The Rankings (click on the image for full ranking)
The Global Gender Gap Index introduced by the World Economic Forum in 2006, is a framework for capturing the magnitude and scope of gender-based disparities and tracking their progress. The Index benchmarks national gender gaps on economic, political, education- and health-based criteria, and provides country rankings that allow for effective comparisons across regions and income groups, and over time. The rankings are designed to create greater awareness among a global audience of the challenges posed by gender gaps and the opportunities created by reducing them. The methodology and quantitative analysis behind the rankings are intended to serve as a basis for designing effective measures for reducing gender gaps.

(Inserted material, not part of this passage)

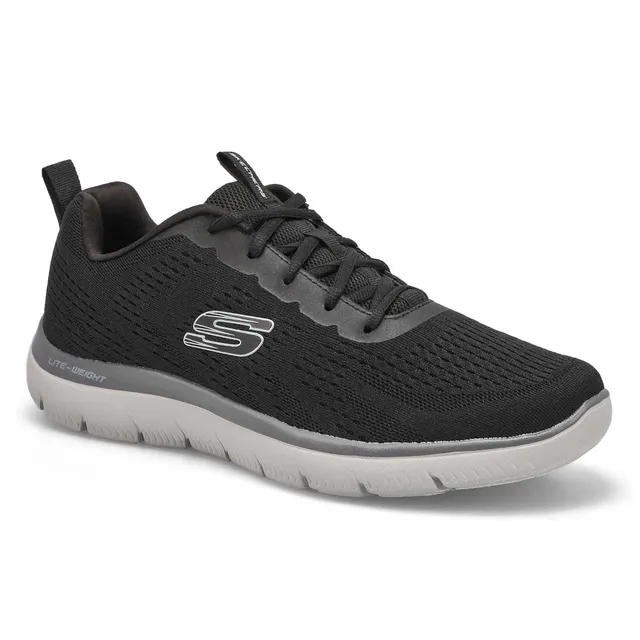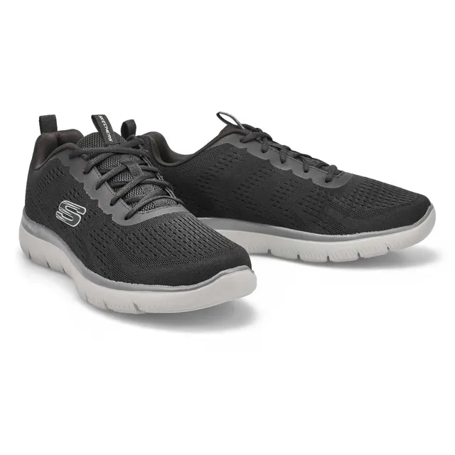 Happier feet are just a step away with the Summits Torre black/ charcoal sneaker from Skechers. This lightweight active design features an engineered mesh upper with lace-up front and a Skechers Memory Foam cushioned comfort insole. The Summits Torre sneaker is designed with a flexible traction outsole. Skechers logo detail.
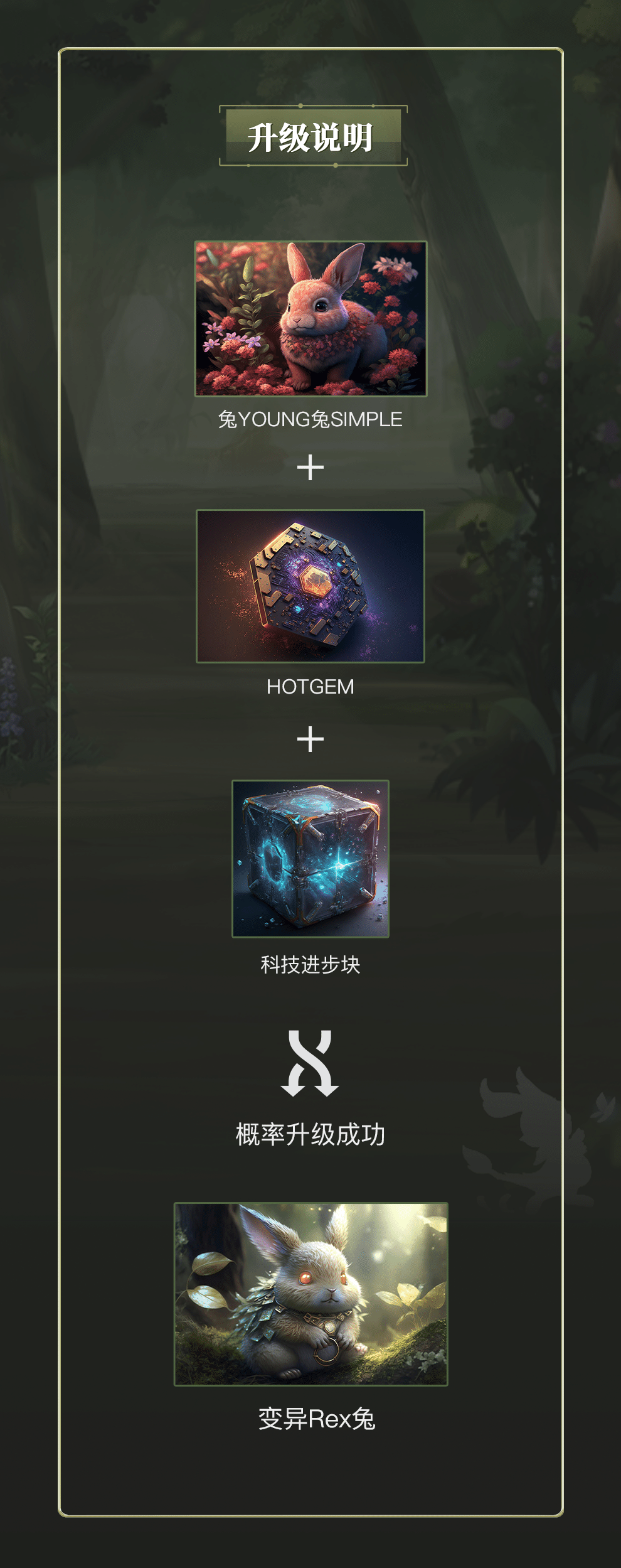 - 升级成功:获得1份新藏品「变异Rex兔」,「兔YOUNG兔SIMPLE」藏品、「HOTGEM」藏品和「科技进步块」道具随即消耗;

The Index is designed to measure gender-based gaps in access to resources and opportunities in individual countries rather than the actual levels of the available resources and opportunities in those countries. We do this in order to make the Global Gender Gap Index independent from countries’ the levels of development. In other words, the Index is constructed to rank countries on their gender gaps not on their development level. For example, rich countries have more education and health opportunities for all members of society and measures of education levels thus mainly reflect this well-known fact, although it is quite independent of the gender-related issues faced by each country at its own level of income. The Global Gender Gap Index, however, rewards countries for smaller gaps in access to these resources, regardless of the overall level of resources. Thus the Index penalizes or rewards countries based on the size of the gap between male and female enrolment rates, but not for the overall levels of education in the country.